Neurochemically distinct circuitry regulates locus coeruleus activity during female social stress depending on coping style

Authors: Beverly A. S. Reyes, Xiao-Yan Zhang, Elsa C. Dufourt, Seema Bhatnagar, Rita J. Valentino, Elisabeth J. Van Bockstaele

Published in: Brain Structure and Function | Issue 4/2019

Abstract

Stress-related psychiatric diseases are nearly twice as prevalent in women compared to men. We recently showed in male rats that the resident–intruder model of social stress differentially engages stress-related circuitry that regulates norepinephrine-containing neurons of the locus coeruleus (LC) depending on coping strategy as determined by the latency to assume a defeat posture. Here, we determined whether this social stress had similar effects in female rats. LC afferents were retrogradely labeled with Fluorogold (FG) and rats had one or five daily exposures to an aggressive resident. Sections through the nucleus paragigantocellularis (PGi), a source of enkephalin (ENK) afferents to the LC, and central nucleus of the amygdala (CeA), a source of corticotropin-releasing factor (CRF) afferents to the LC, were processed for immunocytochemical detection of c-fos, a marker of neuronal activity, FG and ENK or CRF. Like male rats, female rats defeated with a relatively short latency (SL) in response to a single resident–intruder exposure and showed significant c-fos activation of LC neurons, PGi-ENK LC afferents, and CeA-CRF-LC afferents. With repeated exposure, some rats exhibited a long latency to defeat (LL).
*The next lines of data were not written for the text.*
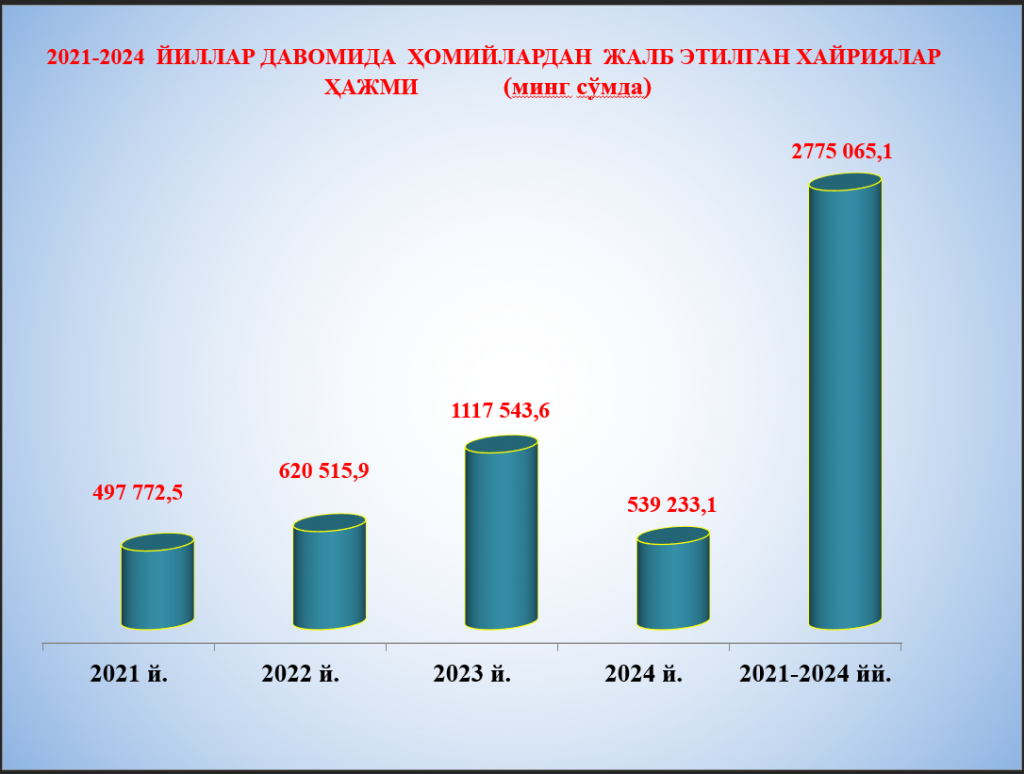 Фонднинг Наманган вилояти филиали | 2 392,50 | 1 050,00 | 355,0 | 70,0 | 3 867,5 |
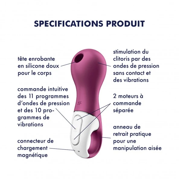 Stimulateur Clitoridien Lucky Libra…, petit, mais costaud ! Dernier-né des stimulateur par air pulsé, Lucky Libra est idéal pour un première achat de ce type de sex-toys très en vogue. Proposant pas moins de 10 programmes de vibration variées et 11 programmes d’ondes pulsées, il répondra sans problèmes à toutes vos envies. Très ergonomique et de petite taille, il s’utilise très facilement avec beaucoup de précision grâce à son large anneau présent sur le manche. Mettez l’appareil en marche, choisissez le programme qui vous convient le mieux et placez l’orifice sur votre clitoris en exerçant une légère pression. Lucky Libra s’occupe de tout pour vous faire atteindre le 7ème ciel en un temps record !
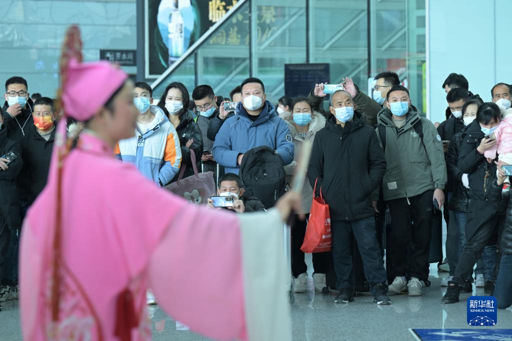 当日,一场“徽文化送我回家过大年”活动在合肥南站举行,安徽省黄梅戏剧院多位演员在候车大厅内为旅客带来精彩的黄梅戏演出,营造浓厚的春节氛围,让广大旅客回乡路上体验浓浓“年味”。
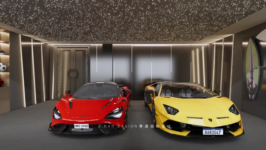 无主灯设计+星空顶,营造满目繁星的无边际视野;大面积金属洞洞板可以挂球拍,自行车,冲浪板等。
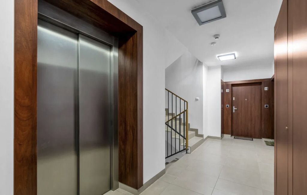 Mieszkanie położone jest na 5. piętrze, co zapewnia prywatność i poczucie kameralności. Budynek wyposażony jest w wideofon, a teren jest monitorowany, z codziennymi obchodami ochrony. Do dyspozycji mieszkańców pozostaje również zadbane, zielone podwórko – idealne miejsce na chwilę wytchnienia po dniu pełnym obowiązków.
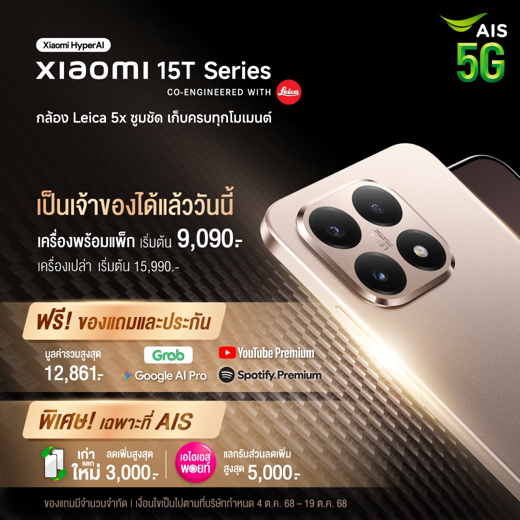 รับฟรี Redmi Watch 5 Active และ Xiaomi Power bank 10000 mAh เมื่อสั่งซื้อรุ่น Xioami 15T (*ของแถมจำนวนจำกัด)
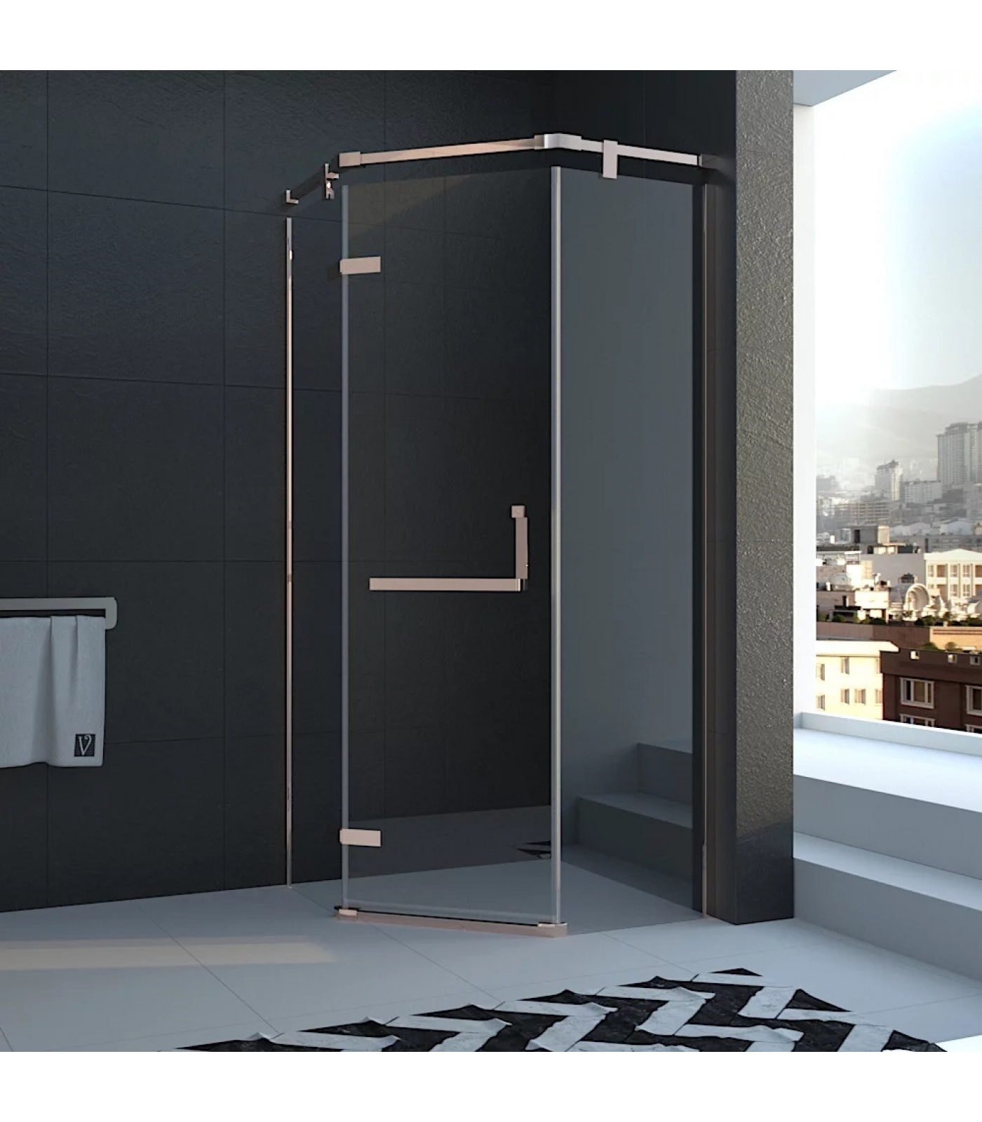Душевой уголок Veconi Rovigo RV-37. Душевой уголок пятиугольный. Одностворчатая распашная дверь. На петлях из нержавеющей стали. Стекло закалённое безопасное 8 мм. Магнитные уплотнители обеспечивают герметичное закрывание двери, плотно прилегая к профилю. Профиль из нержавеющей стали цвет - бронза. Регулируемые пристенные профили - 20 мм. Ручка открывания двери из нержавеющей стали в цвет бронза. Универсальная установка открытия двери. Высота стекла 195 см. Высота изделия 202 см.
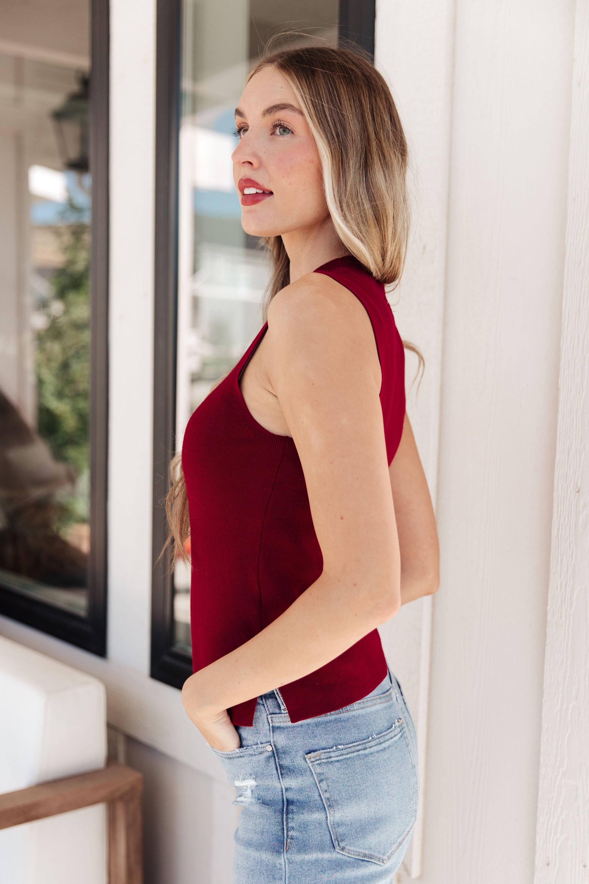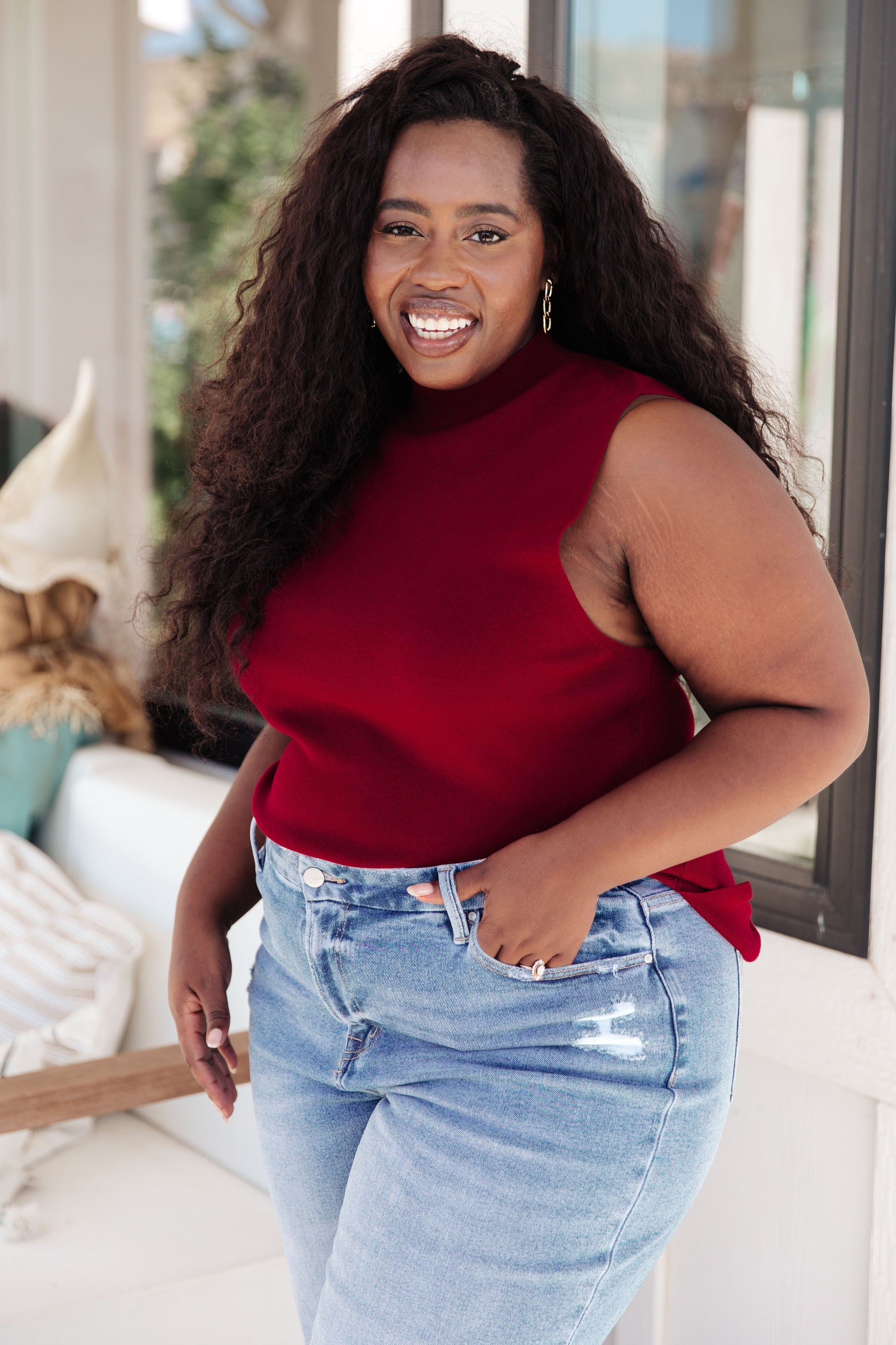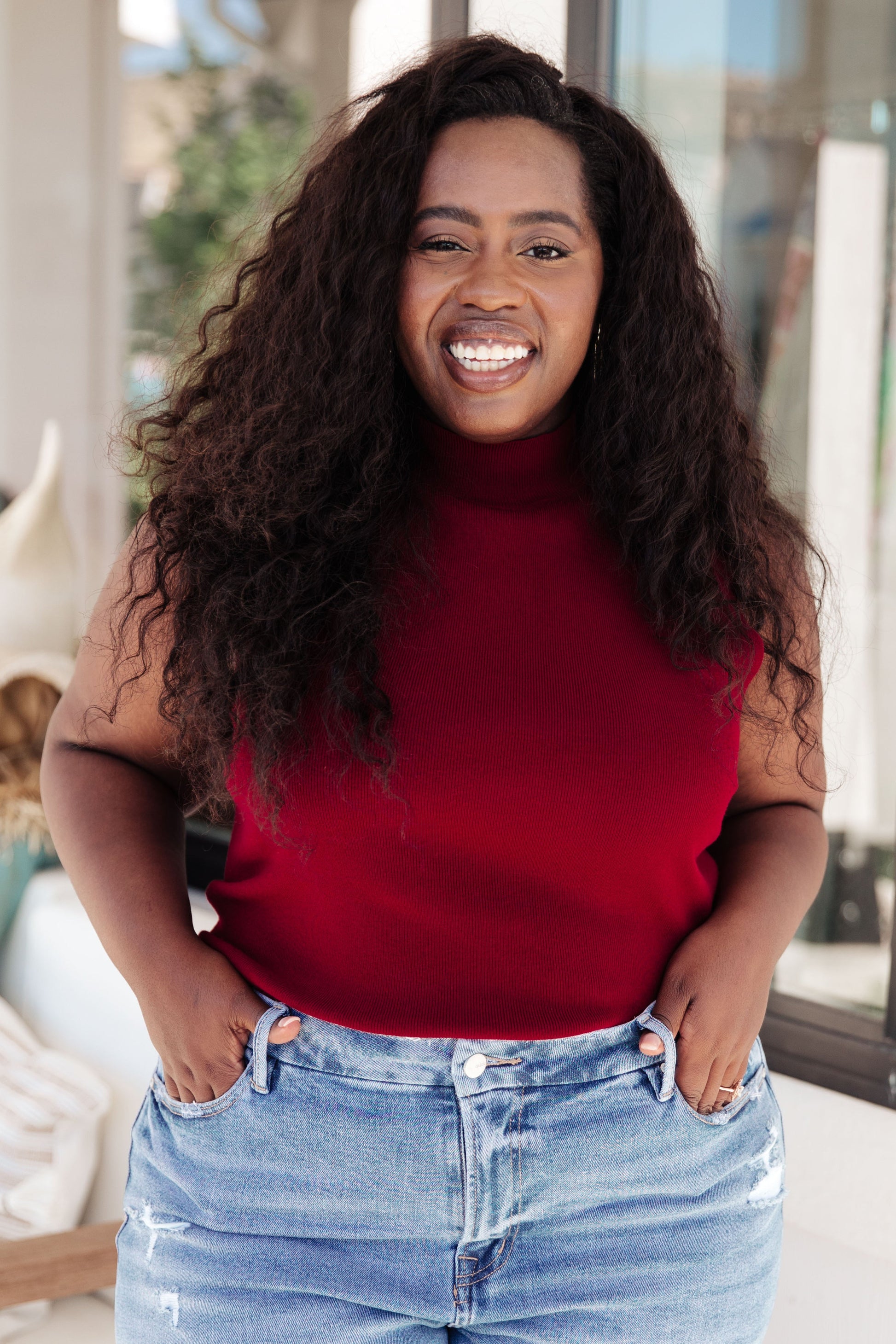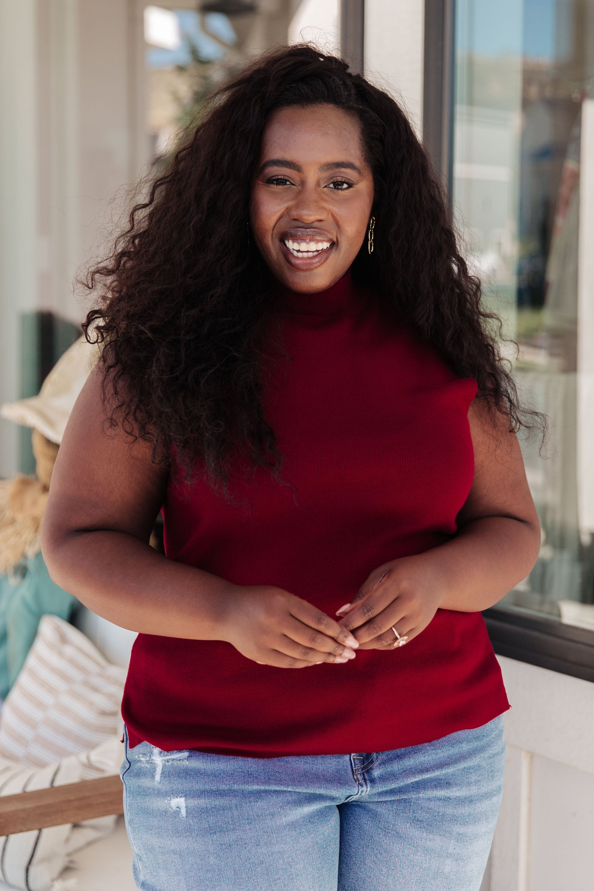 This No Excuses Mock neck Tank is sure to become a staple in your wardrobe. Featuring a cozy sweater knit fabric, a mock neckline, and a slim fit, you'll look stylish and feel comfortable all day long.
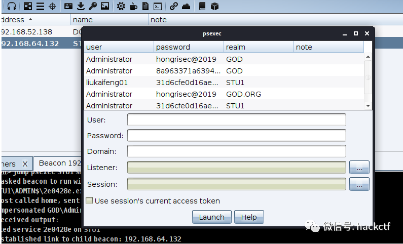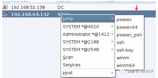 在cobalt strike里找到域控,然后使用psexec模块,选择一个本地hash即可。
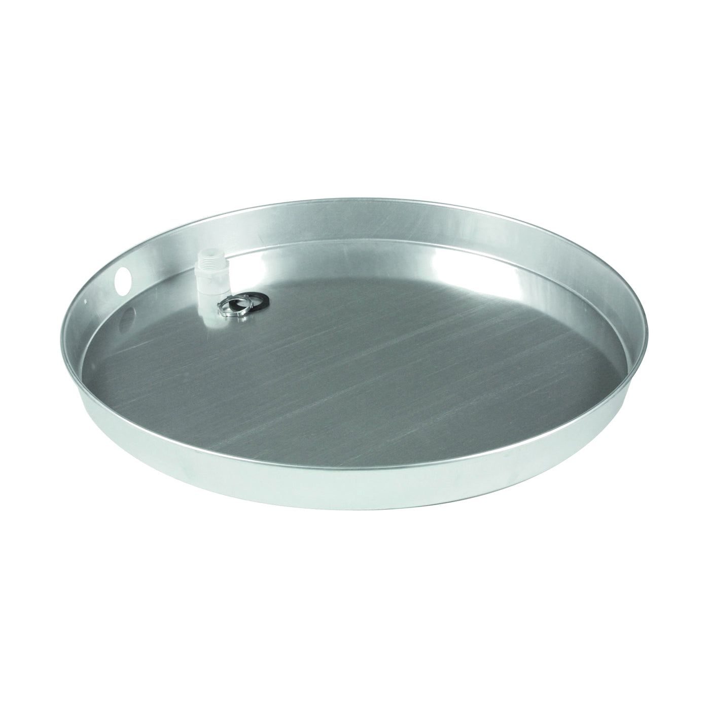 For gas or electric water heaters. Dual size 1 to 1-1/2 in PVC drain fitting with gaskets included. Sides are 2-1/2 in deep. Pre-cut side opening for drain fitting.

LC neurons and CeA-CRF-LC afferents were activated in SL rats compared to control and LL, whereas PGi-ENK LC afferents were not. Conversely, in LL rats, PGi-ENK LC and CeA-CRF-LC afferents were activated compared to controls but not LC neurons. CRF type 1 receptor (CRF1) and µ-opioid receptor (MOR) expression levels in LC were decreased in LL rats. Finally, electron microscopy showed a relative increase in MOR on the plasma membrane of LL rats and a relative increase in CRF1 on the plasma membrane of SL rats. Together, these results suggest that as is the case for males, social stress engages divergent circuitry to regulate the LC in female rats depending on coping strategy, with a bias towards CRF influence in more subordinate rats and opioid influence in less subordinate rats.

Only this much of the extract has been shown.